On Tuesday June 8th, the Content Delivery Network Fastly experienced an outage that made large swaths of the web unavailable for nearly an hour. To focus on the positive, this outage can serve as a wakeup call for Observability teams, because it shows how much modern sites depend on resources beyond their immediate control, and how hard it is to "observe" these kinds of issues with an incomplete Observability mindset. In this blog post, I will talk about the Fastly outage, examine how traditional monitoring technologies would have responded to that outage, and show how adopting Digital Experience Monitoring inside your Observability practice is crucial to detecting and responding to these types of issues.
Inside a CDN Outage
Fastly is a Content Delivery Network (CDN). While today’s CDNs serve many different functions, their primary job is to cache copies of a website's content or resources in data centers around the world, so that this data is geographically closer to a website's visitors when they request it, thus reducing the latency and improving performance. CDNs do this by sitting "in front" of a website or API. For example, when someone accesses splunk.com, the requests for this site’s images, CSS, fonts, and perhaps even its HTML markup are all served by the CDN instead of by the origin server.

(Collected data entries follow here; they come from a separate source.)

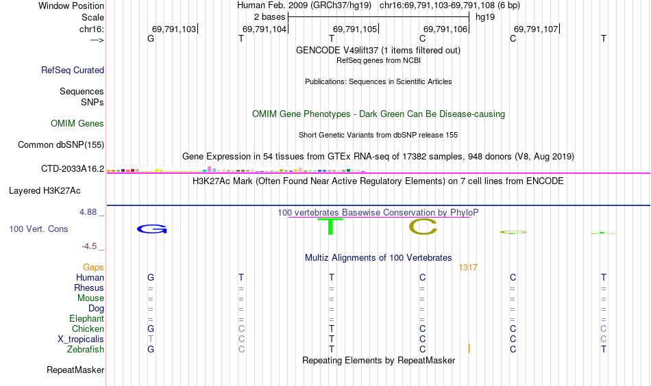 - ETS2[chr16:69791103-69791108]
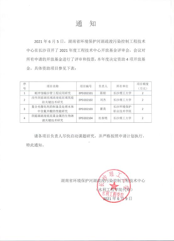 2021年度湖南省环境保护河湖疏浚污染控制工程技术开放基金立项通知
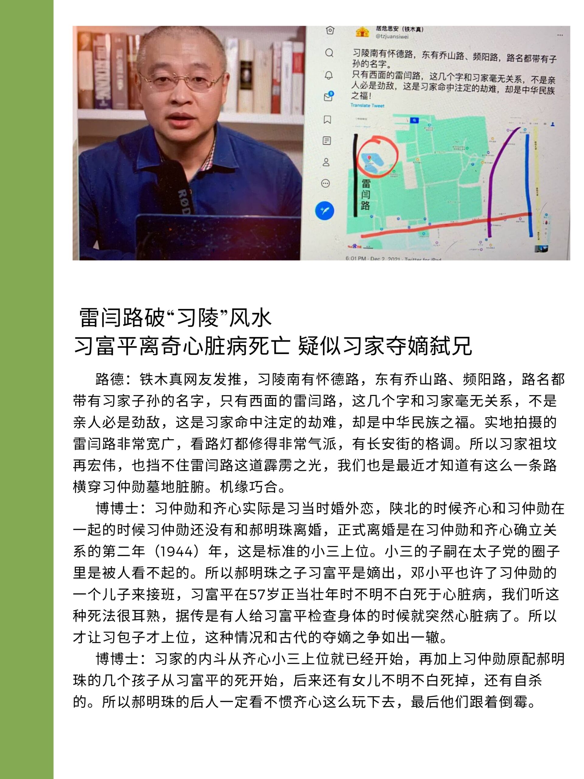 • 习近平父亲习仲勋陵墓命名为习陵, 旁边道路名字含有其子孙名字习明德
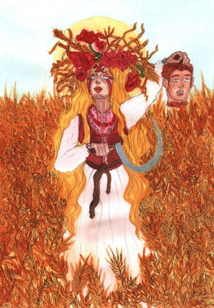 #cythe #demeter #drawing #goddess #gold #greek #harvest #illustration #ink #mythology #red #roman #sicle #watercolor #wheat
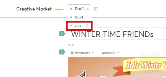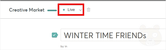이제 왼쪽 상단의 Creative Market 상태를 Draft에서 Live로 변경합니다. 참고로 모두 다 입력이 제대로 되어야 Live가 활성화 됩니다.
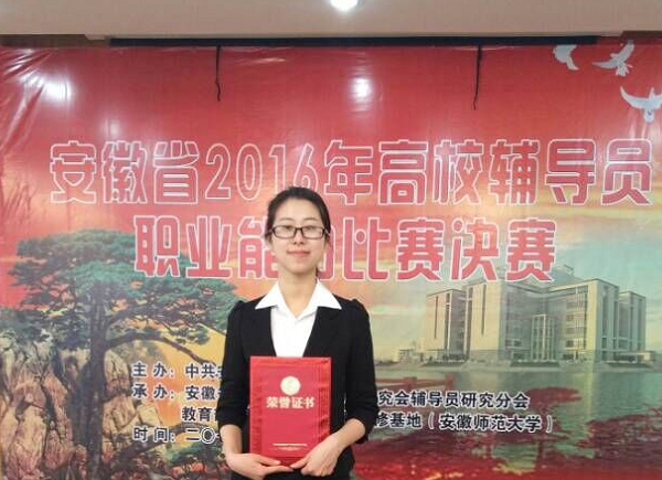 为了更好的做好学生工作,她始终加强学习,不断提升自身专业素质。获得2016年全国辅导员职业能力大赛复赛二等奖,安徽省辅导员职业能力大赛决赛特等奖、复赛一等奖;校优秀辅导员、优秀共青团干部、社会实践优秀指导教师称号、新闻宣传工作先进个人等荣誉称号。先后主持校级课题项目1项,指导2013年省级创新创业项目1项,2016年国家级、省级、校级创新创业项目各一项,获批安徽省辅导员名师工作室。(责编:祝小迁 审核:王先柱 邹珏)
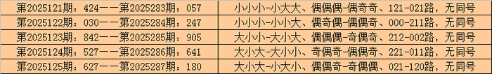 在枚举三历史开奖中,第2025121期-第2025125期鸠合5期奖号为:424-030-842-527-627。

In the diagram below, we can see how the CDN sits between the site visitor and the origin server. When the browser requests main.js, the CDN already has a copy, and returns it more quickly than the origin server would have. When the browser makes an API call, the CDN passes that request through to the origin server.
On Tuesday, due to an internal issue, Fastly could not respond to any requests. These requests didn't pass through to the origin server so it couldn’t service those requests either. The diagram below illustrates this breakdown:
What a User Experiences During a CDN Outage
The Splunk Observability team has a sample online store, BroomsToGo, that was actually impacted by the CDN outage this week. It runs on Shopify, which uses Fastly, so I was able to use our Observability tools to see first-hand what users experienced. Below is a waterfall chart from Splunk Synthetic Monitoring that shows the requests the browser made when it tried to load BroomsToGo:
What an Incomplete Observability Practice Sees During a CDN Outage
Consider the impact if BroomsToGo were a legitimate store, instead of a fun sample application. Would the team have been able to detect this issue using only a few of the traditional monitoring tools?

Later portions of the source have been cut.